Looking back in anger
A number of people have over the years played a role in the development of the TAC and our battle for antiretrovirals. There are too many to mention. In the following pages a small group of people who played a role in one way or another and represent various constituencies, share their recollections of the past and their dreams for the future.

Looking 10 years back, and beyond, I just feel that our country and those in authority have allowed innocent lives to die unnecessary deaths. When I look back, I just see ‘political denialism’ and cheap politicking that have failed our country and its people. When I look back on those years, all I can see are the family members, comrades, friends, and fellow countrymen we have lost to HIV/AIDS; I see people who died without any hope. All I see are the people who died angry and hating those in authority. When I look back on those years I think about my brother who died in my hands and I remember his last words to me: ‘Sizobathola asijiki’ – we will get them and we are not turning back. As an activist I hate myself for allowing my brother to die without getting any help, when all I could do was give him hope and encouragement to fight for his life. I feel I was not only fooling him but myself, because our government did not want to provide any help to our people who were dying due to HIV/AIDS.
As much as we managed to encourage people to get tested, to disclose their HIV status and fight denialism that was caused by discrimination, the signs of a dying nation were evident in each household and each family. Each day people were dying in large numbers and the gravesites were filling up. A funeral was no longer a taboo, it was the daily bread in our communities. Infection rates were increasing rapidly, people were not getting proper counselling from the primary healthcare facilities that were doing voluntary counselling and testing (VCT). Support groups were formed and nothing was said about the treatment. Instead, people who were seriously ill were encouraged to create memory boxes, which were not giving any hope to our brothers and sisters. Our then president kept saying HIV does not cause AIDS, and he does not know anyone who has AIDS; poverty and malnutrition were causing HIV.
Pharmaceutical companies, on the other hand, were selling lifesaving drugs that were too expensive for developing countries such as South Africa to buy, leaving millions of people on death row of HIV/AIDS. The then Minister of Health kept saying HIV/AIDS did not need ARV treatment, that it needed an African solution (traditional medicines). She claimed ARVs were toxic, citing the side effects of ARVs, but did not mention the efficacy of the ARV treatment in managing HIV. This caused confusion in our country, divided the nation, leaving us unable to address the challenge at hand.

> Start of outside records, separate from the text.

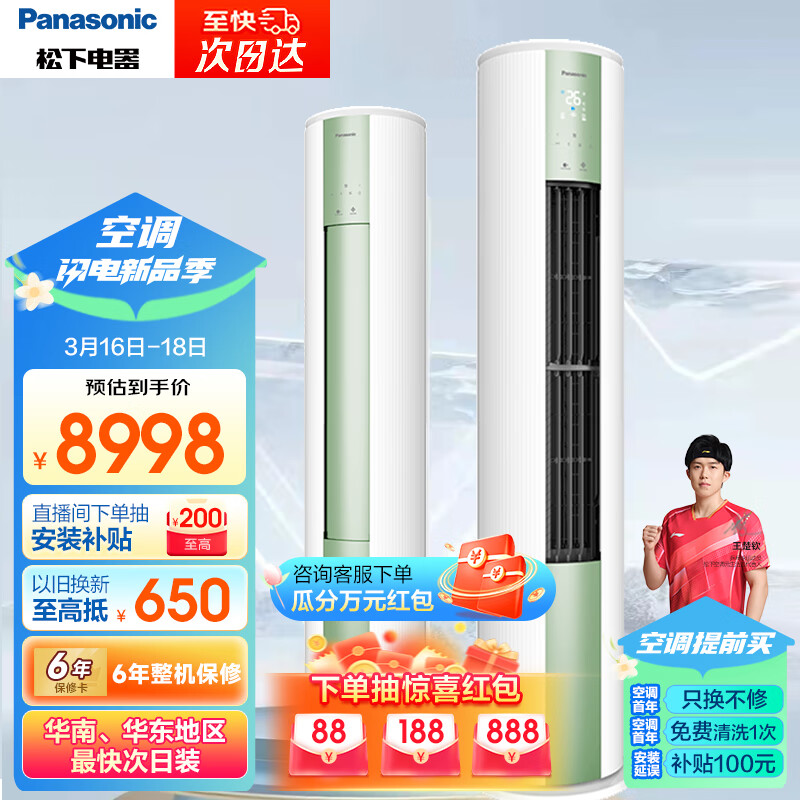 松下(Panasonic)空调 净悦星3匹新一级能效 圆柱立式柜机变频空调 纳诺怡除菌 WiFi 以旧换新 云杉绿ZY72F310G价格:8998.00元!
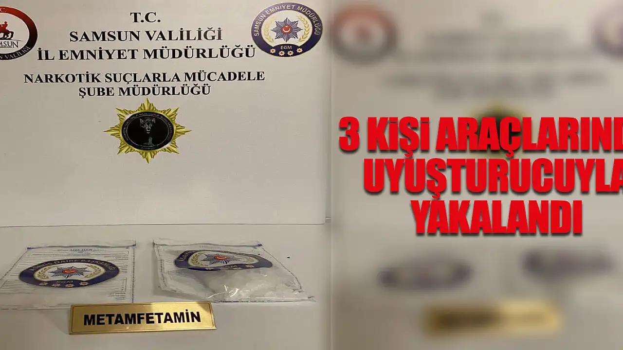 Samsun'da 3 kişi araçlarında uyuşturucuyla yakalandı
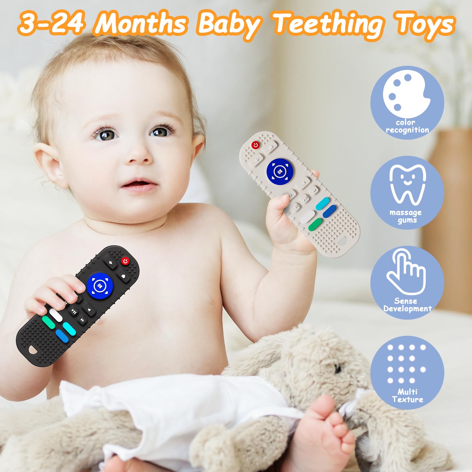 [Baby Teething Toy Set] Your baby will get two remote control-shaped gums. The teething toy colors are bright, which can improve the baby’s color recognition and cognitive ability. Suitable for babies aged 3-6 months and 6-12 months.
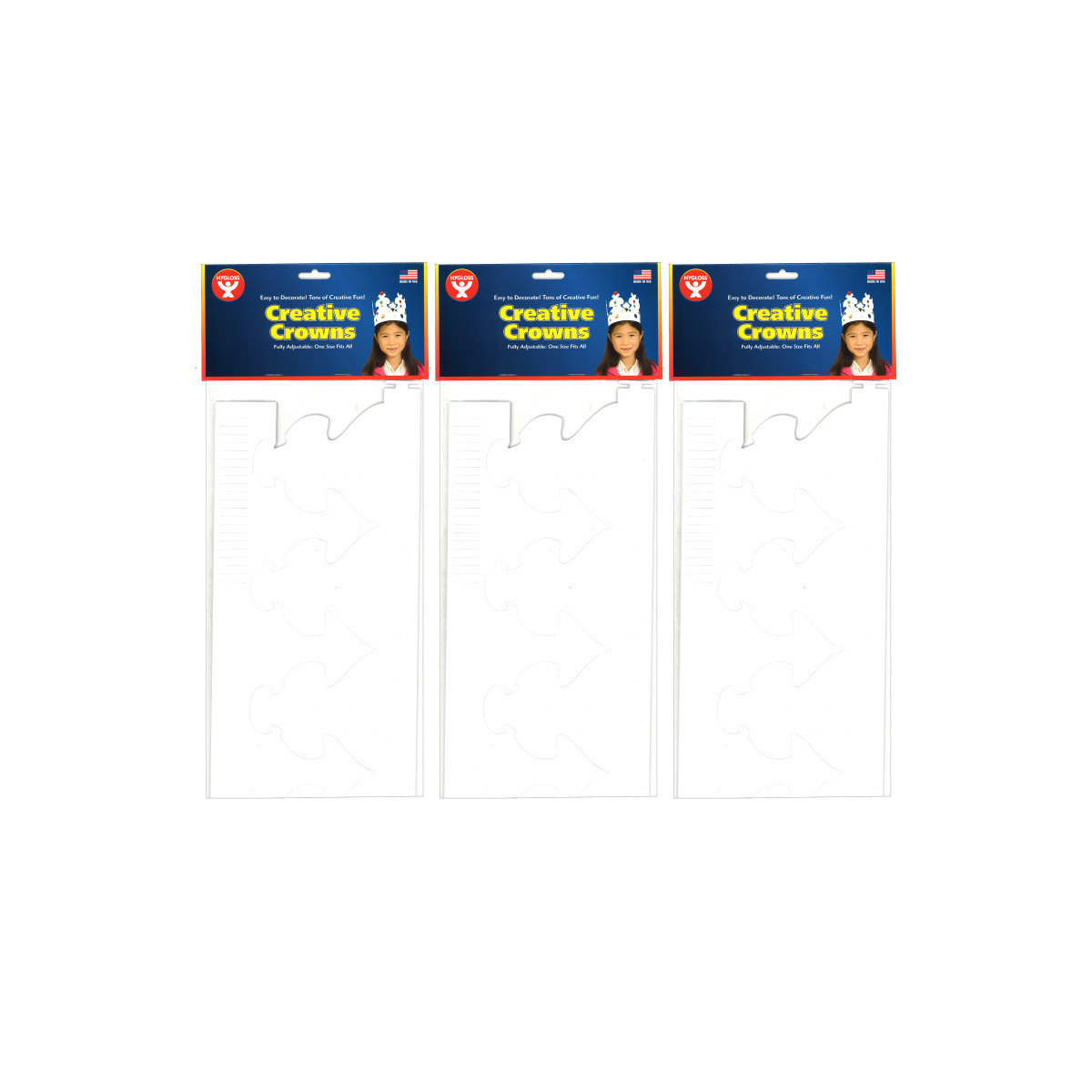 These white card stock crowns are ready-to-go and are great for decorating and personalizing for any occasion. 24 crowns per package. Sold as 3 packs for a total of 72 crowns.
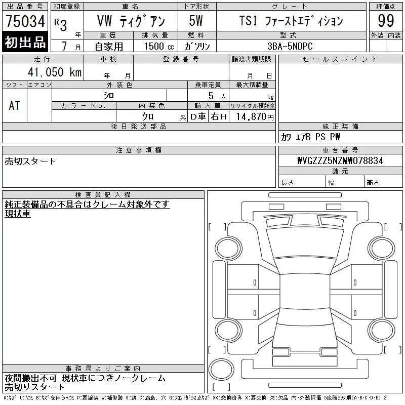 Volkswagen Tiguan с аукциона Японии CAA Chubu лот № 75034
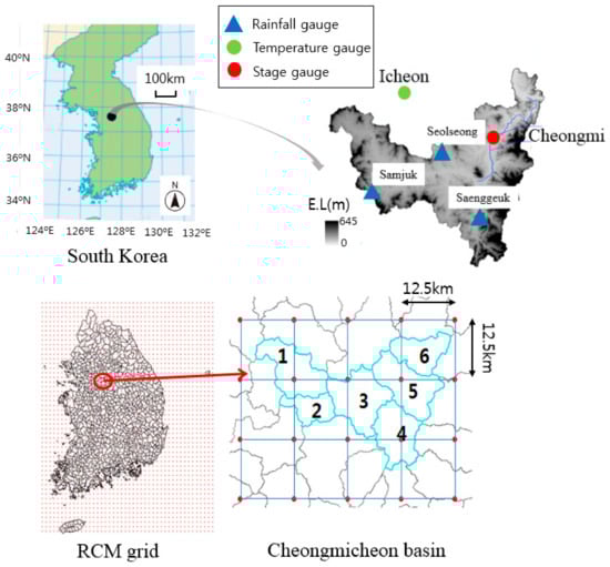 The Cheongmicheon watershed is selected because the water resources management plan preventing flood and drought has been newly developed after Restoration of Four Major Rivers Project funded by South Korea government. The longitude and latitude of this watershed are 127°20′~127°44′ E, and 37°60′~37°84′ N, respectively. The total length of main channel is 60.8 km and the area is 596.60 km2. The mean altitude of the watershed is approximately E.L. 141.38 m, while the altitude of most area lies between E.L. 50 m and E.L. 100 m. The mean gradient is 17.0% with 676 m of the peak altitude. The hydrological soils are categorized as A, B, C, and D by the NRCS method. A type and B type, which are comparatively well drained, account for 5.4% and 33.7% of the total area, respectively, whereas C type and D type, which are comparatively badly drained, account for 17.3% and 43.5% of the total area, respectively. Figure 2 shows the study watershed, which consists of six sub-basins. In this basin, three rain gauges (Seolsung, Samjuk, and Saenggeuk), one temperature gauge (Icheon), and one stage gauge (Cheongmi) are operated.

It took brave fellow countrymen who were bold enough to challenge the lies that were presented to our country by our government. On 12 December 1998 we revolutionarised the struggle against HIV/AIDS. The birth of the Treatment Action Campaign in South Africa brought back hope to millions, both the infected and the affected, who stood up together to say ‘NO’.
The TAC provided South Africans with factual information about the science of HIV/AIDS, helping them to identify the infections as opportunistic or sexually transmitted, and educating them about the treatment thereof. This was the strategy; to conscientise. The birth of TAC not only inspired people in our country, it gave hope to people throughout the whole world.